In connection with bicycles, torque most commonly comes up as a measure of the tightness of threaded parts. Skilled bicycle mechanics have traditionally tightened these by feel. A skilled hand can usually though not always determine when a steel part has reached optimum tightness. The feel at the wrench changes as friction increases and the threading engages tightly.

Softer materials -- aluminum alloy, carbon fiber composites -- have become more common in bicycles, and are easier to overtighten, resulting in cracking, deformation and stripped threads.

Damage from overtorquing can occur when disassembling parts, and corrosion has stuck them together. An ounce of prevention is better than a pound of cure: grease, anti-seize compound or blue threadlock compound (depending on the application) should be used on threads and on surfaces which the threads press together, to prevent corrosion. Aluminum-to-aluminum joints are especially likely to seize up. It is a good idea to disassemble and reassemble parts from time to time while this is still easy, and relubricate them.

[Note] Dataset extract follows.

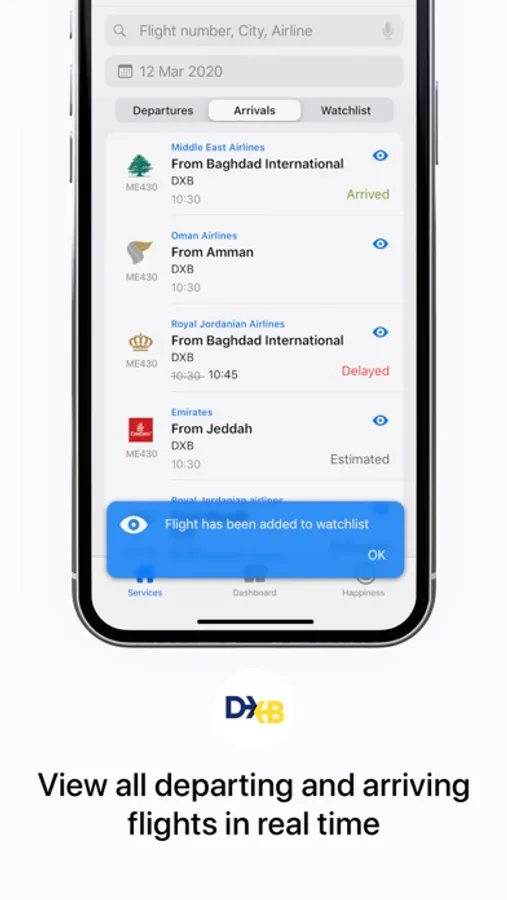 Check real-time flight information from Dubai Airport and watchlist flights of interest.

A special lubricant called penetrating oil can help to free corroded threading. Special techniques to apply leverage can help with stuck parts such as freewheels, stems and seatposts. Heat or cold to expand or shrink parts slightly also can help. Aluminum expands more when heated than steel, and so an external aluminum part should be heated, an internal one, chilled.

**See for example Jobst Brandt's advice on freeing stuck pedals. **

When a bolt head breaks off, sometimes the remainder of the bolt turns easily, but often it must be drilled out. Drilling can release pressure on the threads, but also there is a special tool called an Easy-Out which threads into the drilled-out shaft of a bolt and gets a grip from inside, with any luck allowing it to be removed.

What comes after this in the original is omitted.